# entretien rétina



## DOuggy (15 Septembre 2012)

Bonjour,
Avec quoi comptez-vous nettoyer votre écran rétina? Le chiffon fourni avec est très petit...
Utiliserez-vous des produits? La dalle me semble très fragile, je n'ose pas utiliser les produits vendus pour des écrans TV.


----------



## Nyrvan (15 Septembre 2012)

mmm Mackeeper ? 

Ok je sors...

Plus sérieusement, j'utilise un simple nettoyant doux pour vitre que je dépose sur un "papier ménage" avant de nettoyer délicatement l'écran. Après un petit coup avec le chiffon Apple et c'est propre. J'ai toujours fait comme cela depuis que j'ai des portables sans avoir de problèmes.


----------



## eryllion (15 Septembre 2012)

Bonjour

J'utilise le chiffon fourni, ou l'un des chiffons que j'utilise sur mes lunettes.
Il arrive parfois qu'une petite tache ronde ne parte pas de suite, donc j'humidifie légèrement le bout du chiffon et elle s'en va.

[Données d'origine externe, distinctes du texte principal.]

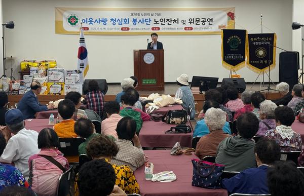 이웃사랑 청심회봉사당(단장 이기석)이 주최하는 이날 기념식에는 서호관 마산합포구청장을 비롯한 지역구 시의원, 관련 단체 노인 등 200여명이 참석해 노인복지의 의미를 함께 나누었다. 주요 행사 내용으로는 노인복지 유공자 표창, 내빈축사, 축하공연, 경품 추첨의 순서로 다채로운 행사가 펼쳐졌다.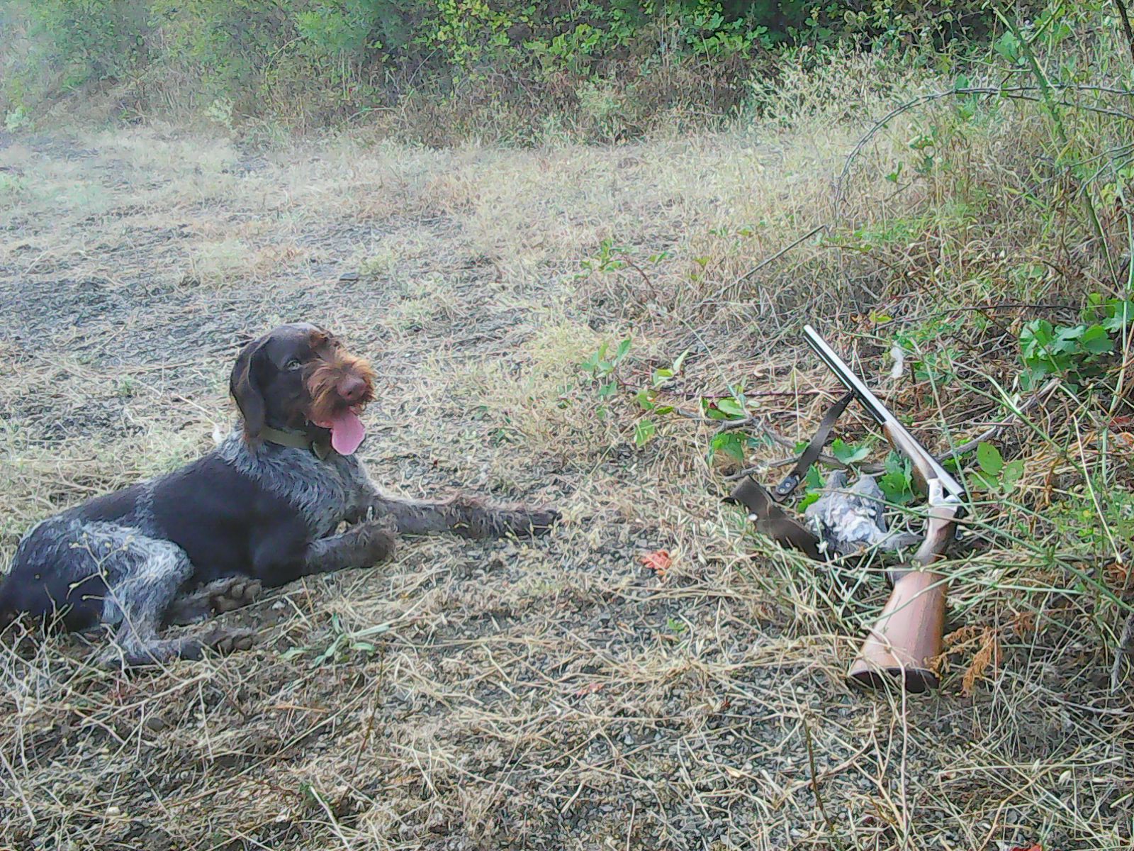Сегодняшний вечерок подарил нам парочку витютней. Второй подранок получился, протянул метров сто и упал в заросли шиповника с ежевикой, правда не далеко от дороги. Я видал лишь примерно место падения. Без собаки шансы найти подранка равнялись нолю. Решили поискать и не зря, Атос справился с этой задачей блестяще! Достать только с шиповника не смог.

Je n'ai jamais eu besoin de forcer, toujours avec une main légère.

Je n'utilise pas de produit pour ma part. Je le fais souvent écran éteint pour bien voir le résultat.


----------



## DOuggy (15 Septembre 2012)

Voilà, c'est ça. Il y a de petites tâches qui partent moins facilement, qui semblent collées. Régulièrement. C'est pour celles là que je pense à un produit.
Quelqu'un sait en quelle matière est fait le revêtement de l'écran?


----------